The late Stanley Kubrick approached and abandoned the project numerous times. It wasn't until after his death in 1999 that his friend Steven Spielberg decided to finally bring the story to the screen.

The resulting film, however, shows why Kubrick never got around to making it.

Based loosely on a Brian Aldiss short story, "A.I." is a technological fable. It follows closely the story arc of Carlo Collodi's book, "Pinocchio."

David, superbly portrayed by Haley Joel Osment ("The Sixth Sense"), is the first of his kind — an artificially intelligent android boy who can love. And his love is as unquestioning as it is boundless.

But therein lies the flaw.

Once given a series of code words, David imprints himself onto his human mother (Frances O'Connor), whose real child, Martin, is terminally ill and in cryogenic hibernation.

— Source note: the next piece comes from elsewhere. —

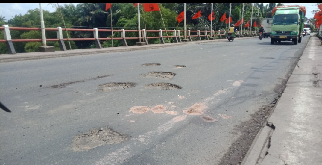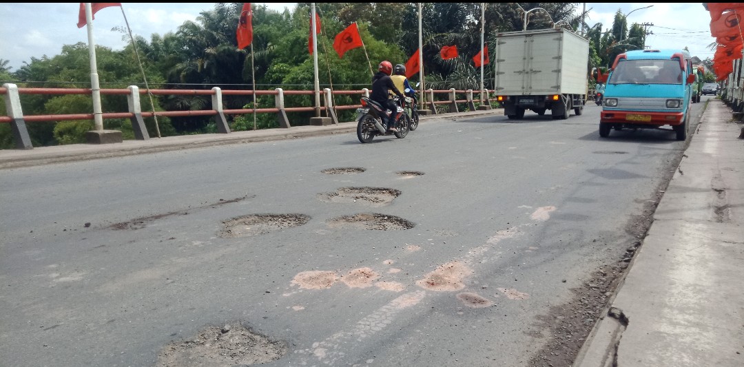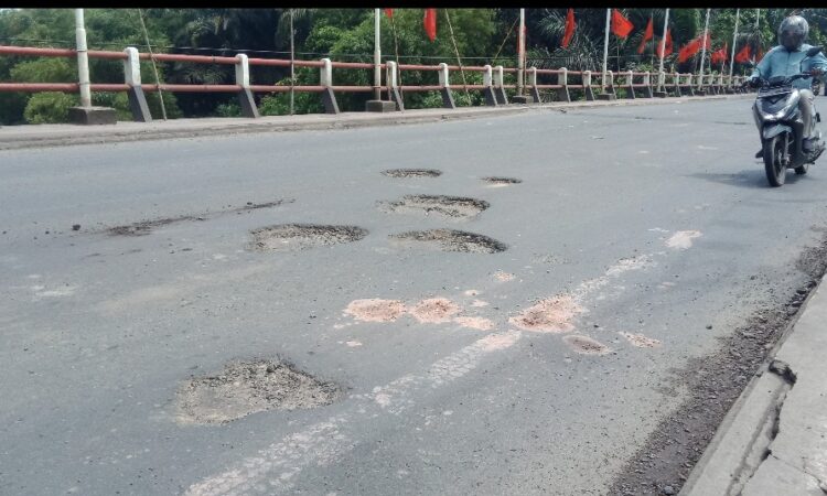 “Jalan berlubang di jembatan ini sangat membahayakan bang, karena lubangnya pas ditengah tengah, ini kalau pengendara tidak hati-hati, bisa bahaya. Bisa jatuh kecelakaan,” ungkapnya.

The imprinting is permanent. For as long as he exists, David will love his mother, no matter what. Unfortunately for David, human love doesn't come hard-wired. When Martin (Jake Thomas) is unexpectedly cured, David becomes obsolete.

Abandoned by the one person he cannot help but love and inspired by the story of Pinocchio, David begins a quest to become a real boy, thinking that by doing so he can finally gain his mother's affection.

Along the way, David encounters Gigolo Joe, played by Jude Law ("Enemy at the Gates"). Joe is an android whose only purpose is to please women. As Joe says, "No two women are alike, and after me no two are ever the same."

Together, they escape from a sinister "flesh fair," where android-hating humans dismember lost androids for sport.

So, why do humans hate androids so much? As Joe tells us in a scene that is chillingly foretelling, when humanity is gone, the androids will be all that is left.

David's search for a real-life Blue Fairy who can turn him into a flesh-and-blood boy echoes Pinocchio's journey of redemption. David even has his own Jiminy Cricket in the form of Teddy, an android teddy bear who offers helpful advice.

And like the wooden puppet, David spends time in the belly of a fish, if only metaphorically speaking.

But whereas Pinocchio grows as a character during his journey, David cannot. Everything he does is a programmed response. And while Pinocchio has a loving father, David has only the scientist who built him, Professor Hobby, played by William Hurt.

Hobby is no Geppetto. He is more of a cross between Dr. Frankenstein and the Wizard of Oz.

He is proud when David successfully fulfills his programming, but he doesn't love the robot. And it wouldn't matter even if he did, because David is programmed to love only his mother.

As a character, David is a dead end, and so is the film. Unlike Kubrick's other famous artificial intelligence, HAL, David cannot go beyond his programming, if only to go mad.

Still, there is much about "A.I." that works. Osment's wonderful performance carries the film, especially in the first segment, when he portrays the still unimprinted android as a creepy automaton.

Later on, Osment makes us feel sympathy for David in spite of David's increasingly unsympathetic fixation.

Law's Gigolo Joe is also excellent, although the screenplay cannot quite decide if his character is naive or knowing.

As for Spielberg, in the early going, he does seem to be channeling Kubrick's spirit. You can see it in a scene transition here and in a camera movement there.

Unfortunately, the ending, set in the far future, is unsatisfactory. The film goes from science-fiction fable to full-blown fantasy. Spielberg even gives us an off-screen narrator, who tells us what we are seeing as if reading to us from a children's book.

Aldiss has written that Kubrick wanted David to become a real little boy. But getting from android to flesh and blood presents near impossible challenges.

Perhaps that is why Kubrick kept walking away in frustration. And perhaps that is why Spielberg ultimately delivers a movie that doesn't quite know what it's trying to tell us.